- Born: October 1713 Raritan, New Jersey
- Died: August 15, 1779 (aged 65) Raritan, New Jersey
- Occupations: merchant, Judge

= Abraham Van Neste =

American politician (1713–1779)

Abraham Van Neste (October 1713 – August 15, 1779) was an American merchant and judge. Van Neste was born on October, 1713, in Raritan, New Jersey to Joris Pietersen Van Nest and Marytje Reyniersen Van Hengel, and was baptised on October 17, 1713.

== Career ==
He was one of the nine deputies who met at Trenton, New Jersey on May 23, 1775, and August 5, 1775, as a representative of Somerset County in the Provincial Congress of New Jersey. He was a judge in Somerset County, New Jersey.

He was appointed Justice of the Peace in 1761 and a Justice of Quorum in 1768. He was elected to the New Jersey Senate in 1778.

On December 27, 1771, he purchased 52 acres of land on either side of the Millstone River. He owned a mercantile business with Frederick Van Liew. He owned two grist mills, known as Van Nest's Mills, on the eastern side of the Millstone River.

On December 15, 1774, he was appointed to the Committee of Correspondence for Somerset County, New Jersey. In 1779, he was a member of the Somerset Assembly.

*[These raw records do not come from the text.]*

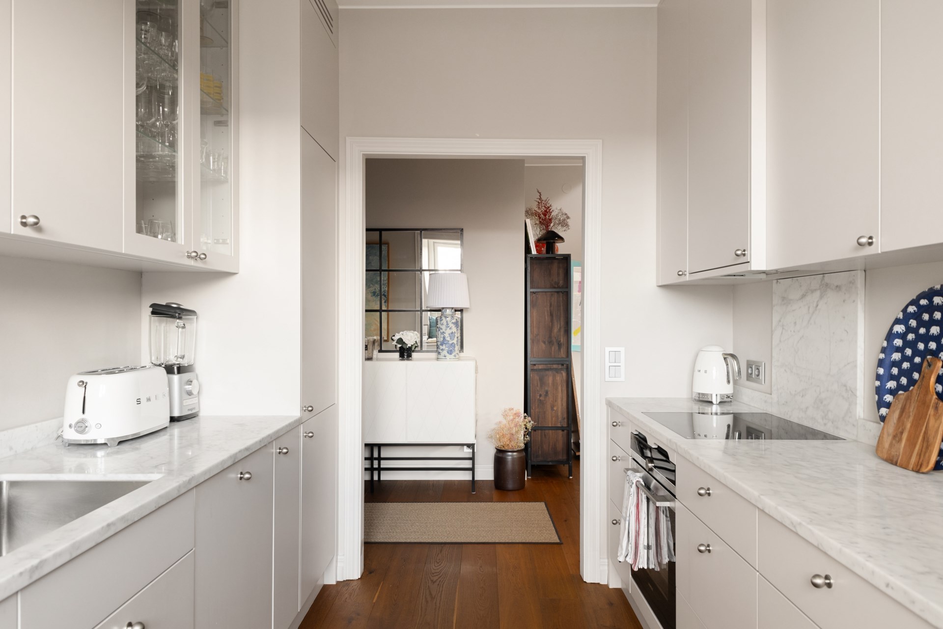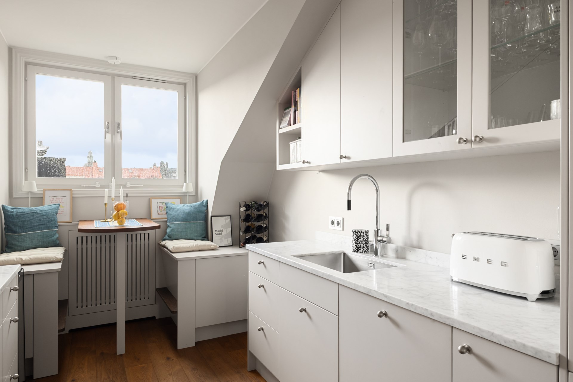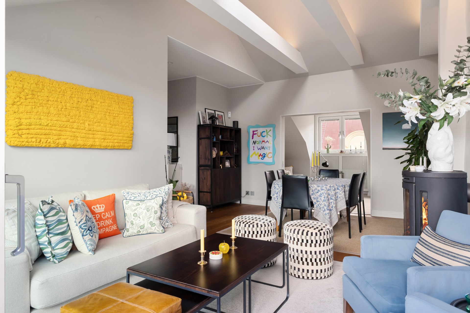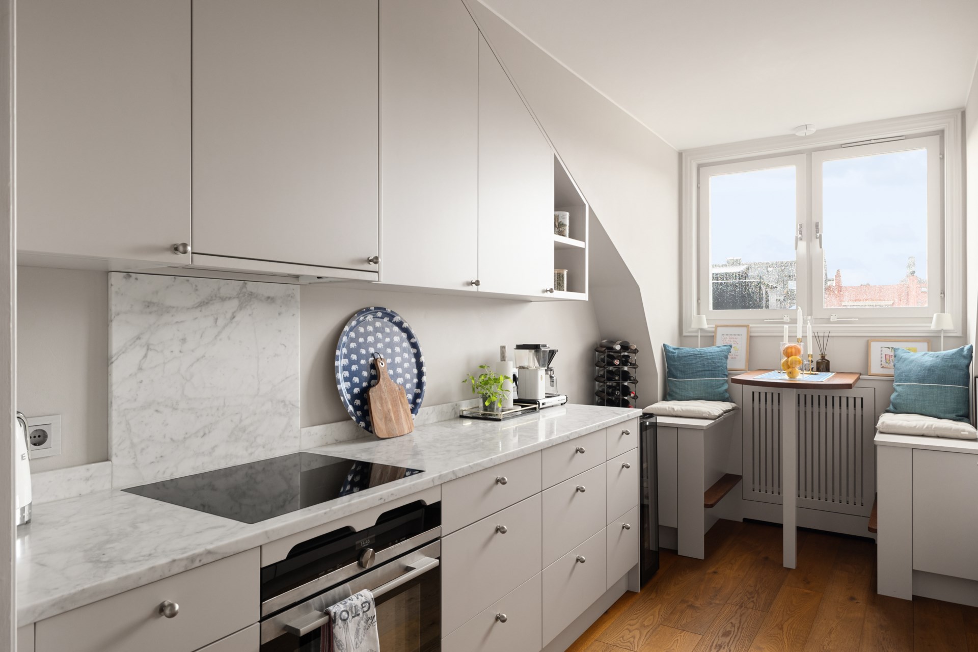 Högst upp i ett vackert sekelskifteshus på Gästrikegatan väntar ett hem med en ovanlig kombination av lugn, ljus och
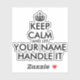 Keep calm and let (name) handle it vinyl stickers. Personalised template with crown. Create your own your funny meme. Available in small and large sizes. Cool cut-out stickers for gifts, products, objects, decorations, laptop computer, tablet, water bottle, phone and more. Modern typography template. Fun Birthday gift ideas for him or her. Black or custom colour.
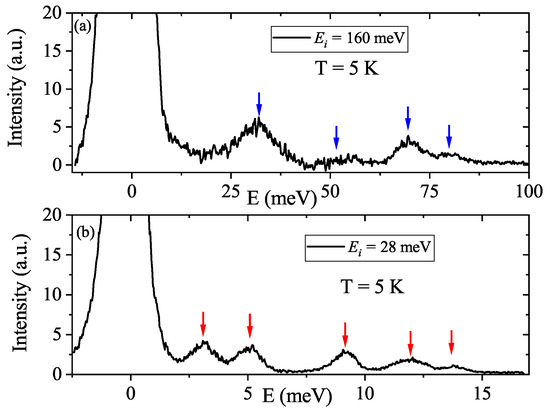 Powder INS spectra measured for the Er are presented as a function of energy transfer (E) in Figure 4a,b. These data were collected at 5 K with incident energies 28 and 160 meV; the presented figure was obtained by integrating the wave–vector transfer dependent data in the range 1–2 Å. In this figure, the crystal field (CF) levels reported for Er in SrErO [13] are marked with red arrows, whereas the levels reported for Yb in SrYbO are marked with blue arrows. This shows that below 28 meV, all the levels correspond to Er (Figure 4b), whereas, above 28 meV, all levels correspond to Yb (Figure 4a). The perfect one-to-one correspondence to the parent compounds CF levels suggest that, within the measured energy and temperature scale, there are no significant effects due to ion substitution.
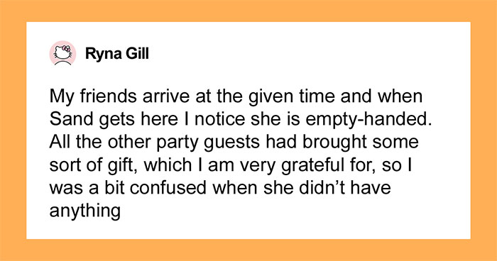 All the other party guests had brought some sort of gift, which I am very grateful for, so I was a bit confused when she didn’t have anything. Sand is not broke or poor and I know she can afford some sort of token of appreciation.
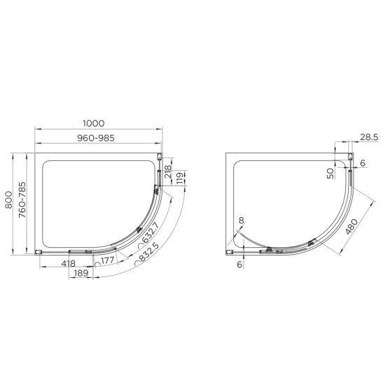 Onisa 8 1000x800mm Single Door Quadrant
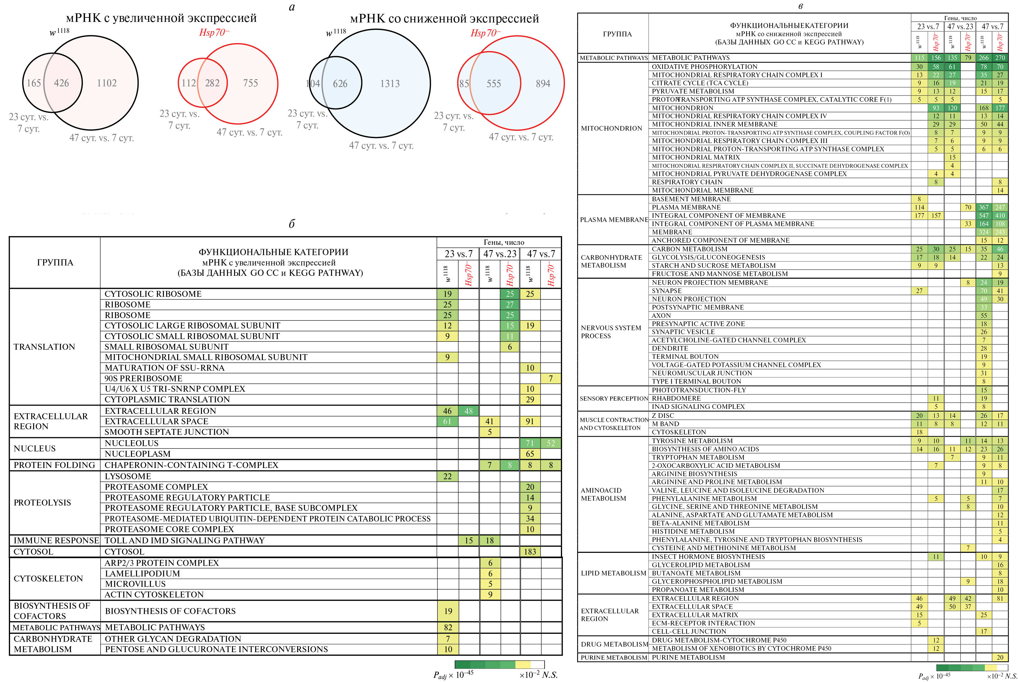 Рис. 2. Старение вызывает выраженные и прогрессирующие изменения транскриптомного профиля ног (состоящих преимущественно из пучков мышечных волокон) мух w1118. Нокаут шести генов семейства Hsp70 модулирует возрастные изменения транскриптома скелетных мышц ног. а – Количество уникальных и общих генов, экспрессия которых у 23- и 47-суточных мух отличается от экспрессии у 7-суточных мух. n = 4 пула (ноги 15 мух) каждой линии. б и в – Анализ функционального обогащения генами, экспрессия которых увеличилась (б) и снизилась (в). Представлено количество генов в каждой функциональной категории; тепловая карта показывает p-значение.

== Battle of Van Nest's Mill/Battle of Millstone ==
The Battle of Millstone, also known as the Battle of Van Nest's Mills, took place near his mills in Weston, New Jersey in present-day Manville, New Jersey. A British foraging party began taking supplies from the farm and mills of Van Nest. The foragers were on their way back to New Brunswick, New Jersey when they ran into the American troops and a battle ensued.

== Incident at his home ==
In 1779, several Continental soldiers were staying at his home during the American Revolutionary War. Brigadier General Anthony Wayne and his subordinate soldiers occupied Van Nest's home during the war. During their stay at the house, there was a confrontation that required legal assistance, which was brought to the attention of General George Washington.

On January 25, 1779, Major Benjamin Fishbourn, the Aide-de-camp to Brig. Gen. Wayne, and Samuel Wright had their sleeping quarters in the same room as Van Nest. They went up the stairs to find the room locked and started an argument with Van Nest. Van Nest apparently threatened to shoot Fishbourn. Fishbourn assaulted Van Nest.

The next morning, on January 26, 1779, Peter Davis, the Somerset County Constable, attempted to serve a warrant on Fishbourn and Wright for their arrests as a result of the assault. General Wayne prevented the constable from serving the warrant and asked to see the warrant. Brig. Gen. Wayne ordered his subordinate, Samuel Wright to remove the Constable.

On March 9, 1779, New Jersey Governor William Livingston brought the incident to the attention of General George Washington.

On March 16, 1779, General Washington wrote to Brig. Gen. Wayne and instructed him to return with Major Fishbourne and address the issue with the court.

In a letter to General Washington, dated March 23, 1779, Brig. Gen. Wayne claimed that he was concerned when the constable would not show the warrant to him and was worried about the possibility of him being a spy.

== Family and death ==
He married Sarah Bergen in Somerset County, New Jersey in 1739. Their son, Abraham Van Nest Jr. served in the Somerset County militia and the Continental Army as an ensign during the American Revolutionary War.

He died on August 16, 1779, in Raritan, New Jersey.

His great-grandson, John Alfred Van Neste, played for Rutgers in the first ever college football game.